Data Frame Manipulation
Overview
Teaching: 10 min
Exercises: 10 minQuestions
Data-frames. What are they, and how to manage them?
Objectives
Understand what is a data-frame and learn to manipulate it.
Data-frames: The power of interdisciplinarity
Data-frames are the powerful data structures in R. Let’s begin by creating a mock data set:
> musician <- data.frame(people = c("Medtner", "Radwimps", "Shakira"),
pieces = c(722,187,68),
likes = c(0,1,1))
> musician
The content of our new object:
people pieces likes
1 Medtner 722 0
2 Radwimps 187 1
3 Shakira 68 1
We have just created our first data-frame. We can see if this is true using the class()
command:
> class(musician)
[1] "data.frame"
A data-frame is a collection of vectors (i.e. a list) whose components must be of the same data type within each vector:
Figure 3. Structure of the created data-frame.
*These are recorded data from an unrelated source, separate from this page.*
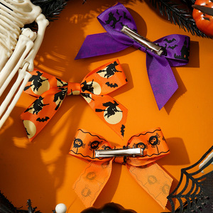 1件/2件/3件 万圣节蝴蝶结发夹 扫把女巫/蝙蝠印花蝴蝶结边夹适合
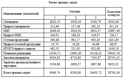 1.1 Расчет прямых затрат
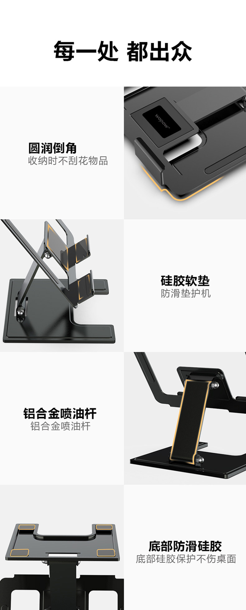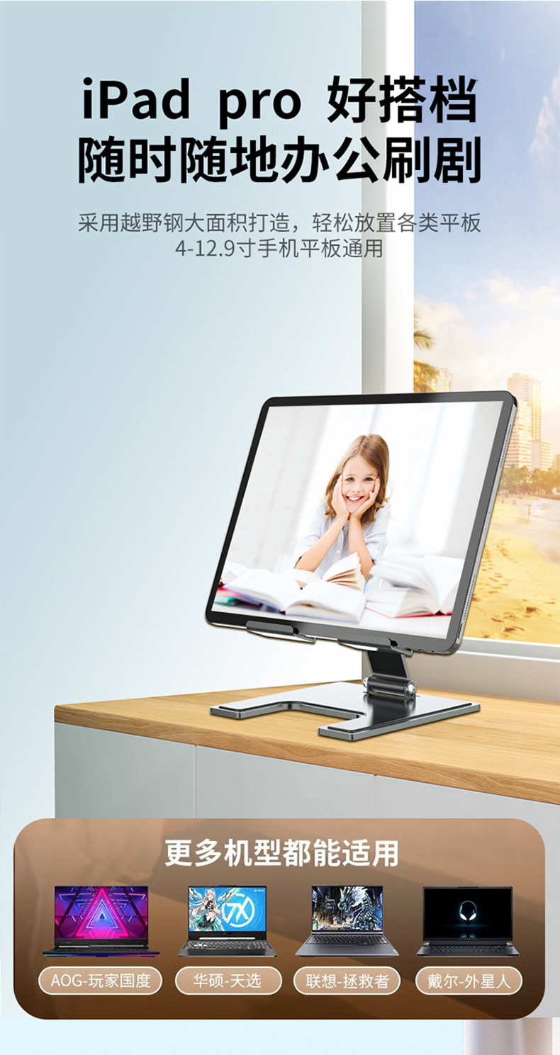 沃品平板电脑多功能桌面支架金属折叠升降支架多角度调节手机支架VB22
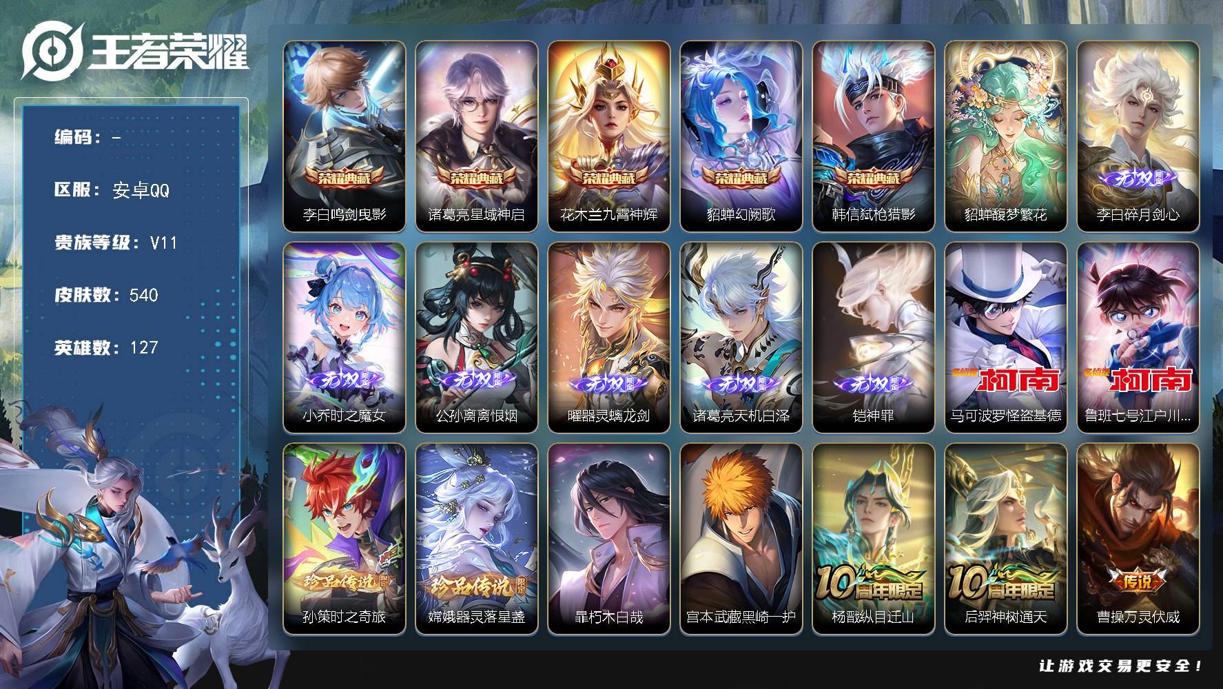 【游戏多多】 【可包人脸】安卓Q V11 最强王者段位 127英雄 540皮肤 5典藏 1珍品无双 6无双 6珍品传说 68传说 178史诗大区:安卓Q,营地:1869790179,贵族等级:11,【热门皮肤】:,【限定皮肤】:张良缤纷绘卷,曹操逐霄之志,少司缘巫礼祀神,杨戬纵目迁山,后羿神树通天,艾琳鹤鸣心笺,兰陵王傩神司,女娲万灵启世,孙权径山谋武,明世隐往忆晖光,莱西奥光弋星穹,亚瑟荣光之誓,张良罗小黑战记,哪吒罗小黑战记,桑启青衿临川,西施织梦人,公孙离涂山容容,鬼谷子克喵,司马懿九山相柳,莱西奥踏浪烽翎,典韦铁甲之心,墨子进击墨子号,高渐离落日弦歌,云中君云械蓝图,孙策百相守梦,周瑜百相守梦,云缨赞萌露比,庄周锦麟游梦,空空儿戏梦巡演,甄姬逆浪荇歌,白起死霸装,暃朽木白哉,宫本武藏黑崎一护,后羿石田雨龙,姬小满小满鸭,露娜命运加冕,雅典娜潮玩士官长,蒙犽狂想玩偶喵,裴擒虎祥瑞亨通,狂铁龙之律动,刘禅鸭鸭历险记,沈梦溪鸭鸭历险记,阿古朵布丁狗之约,钟馗虚灵犬护,刘备浪漫序章,马可波罗暗影游猎,阿轲化蝶舞,戈娅玫蓝誓约,明世隐景韶洛都,姬小满零食大作战,赵怀真器灵·浮梦炉,嫦娥器灵·落星盏,少司缘灵卦秘语,达摩爆裂喵拳,女娲愿照·千秋盛,蔡文姬愿照·福禄聚,虞姬愿照·岁时盈,妲己愿照·众生和,澜愿照·九州拓,姜子牙星梦巡礼,东皇太一金福满堂,廉颇无尽征程,西施雪境奇遇,雅典娜黎明之约,孙策时之奇旅,马超访茗客,孙膑茶境仙,影魅影绮裳,典韦铁骨偃魂,太乙真人谧流熔炉,苍苍林狼骑,牛魔星界战将,王昭君映山客,百里守约百相守梦,干将莫邪雾都夜雨,鲁班七号江户川柯南,吕布逐霄战戟,马可波罗怪盗基德,老夫子百相守梦,米莱狄怪诞之夜【荣耀典藏】:韩信弑枪猎影,花木兰九霄神辉,貂蝉幻阙歌,李白鸣剑·曳影,诸葛亮星域神启【截图或标题展示段位不代表实际段位,赛季更新等不可抗拒因素发生变化、时限道具不保证所剩时间,详情请看截图哦~】
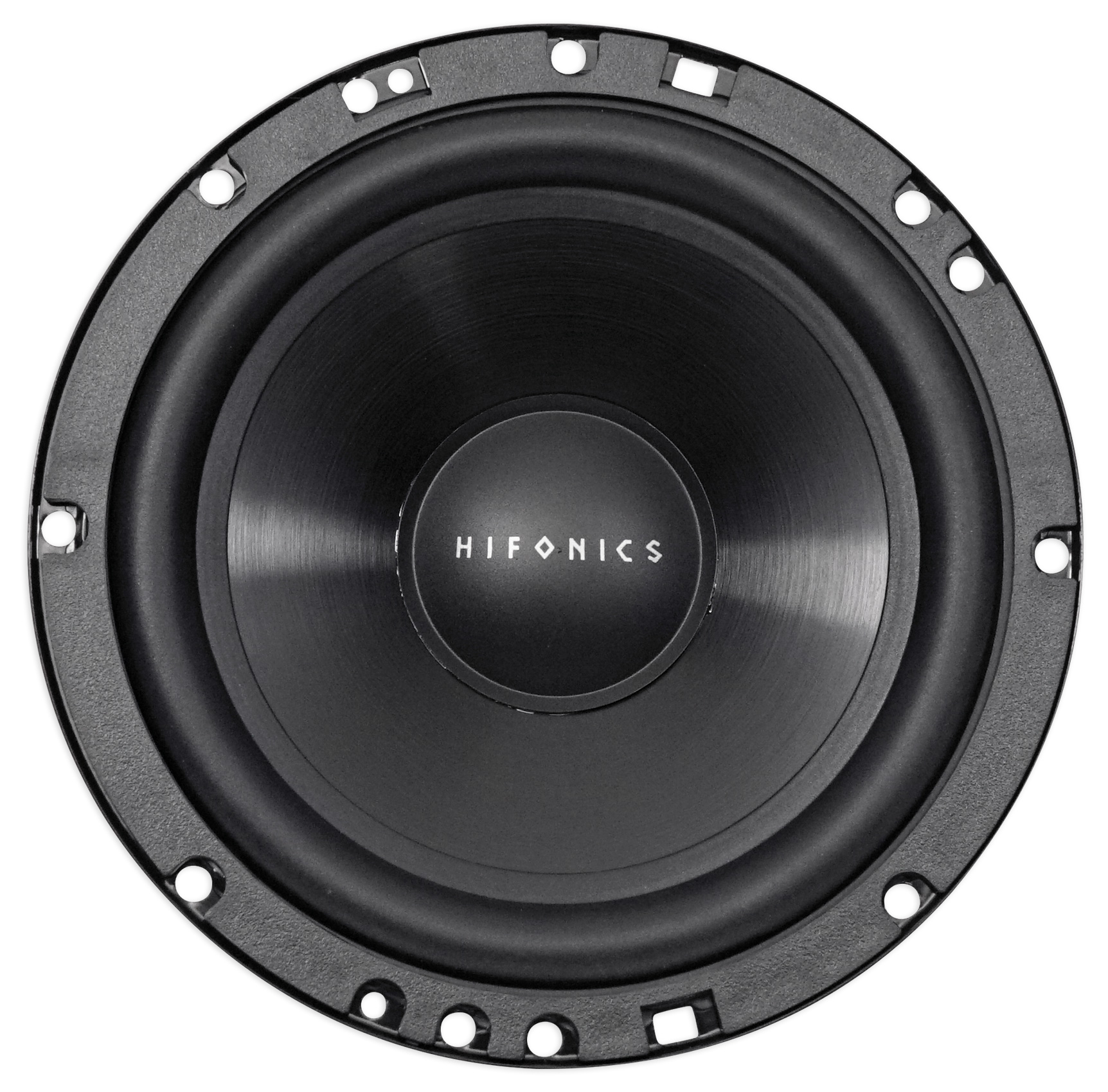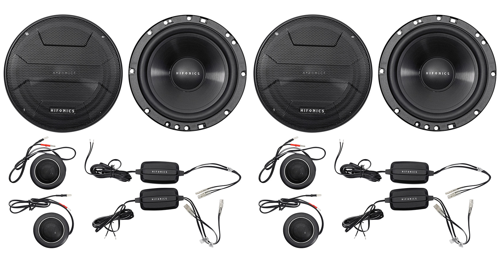 Hifonics Zeus 6.5 inch 2 way car audio component speaker system with neo-Mylar dome tweeter and Alpha-Cellulose Poly Woofer Cones nylon surrounds (pair) Includes 12dB in-line crossover and all tweeter mounting hardware and grills for the mid/woofers.

We can begin to explore our new object by pulling out columns using the $
operator. In order to use it,
you need to write the name of your data-frame, followed by the $
operator and the name of the column
you want to extract:
> musician$people
[1] "Medtner" "Radwimps" "Shakira"
We can do operations with the columns:
> musician$pieces + 20
[1] 742 207 88
Moreover, we can change the data type of one of the columns. Using the next line of code we can see if the musicians are popular or not:
> typeof(musician$likes)
[1] "double"
> musician$likes <- as.logical(musician$likes)
> paste("Is",musician$people, "popular? :", musician$likes, sep = " ")
[1] "Is Medtner popular? : FALSE" "Is Radwimps popular? : TRUE" "Is Shakira popular? : TRUE"
Finally, we can extract information from a specific place in our data by using the “matrix” nomenclature [-,-]
,
where the first number inside the brackets specifies the row number, and the second the column number:
Figure 4. Extraction of specific data in a data-frame and a matrix.
> musician[1,2] # The number of pieces that Nikolai Medtner composed
[1] 722
We can also call for that data by calling the column by it’s name
> musician[1,"pieces"] # The number of pieces that Nikolai Medtner composed
[1] 722
Exercise 2:
Complete the lines of code to obtain the required information
Code Information required > musician[__,__] Pieces composed by Shakira > (musician____)_2 Pieces composed by all musicians if they were half of productive (The half of their actual pieces) > musician$___ <- c(,,___) Redefine the likes
column to make all the musicians popular!がんばって! (ganbatte; good luck):
Solution
Code Information required > musician[3,”pieces”] Pieces composed by Shakira > (musician$pieces)/2 Pieces composed by all musicians if they were half of productive (The half of their actual pieces) > musician$likes <- c(“TRUE”,”TRUE”,”TRUE”) Redefine the likes
columne to make all the musicians popular!
Key Points
Data-frames contain multiple columns with different types of data.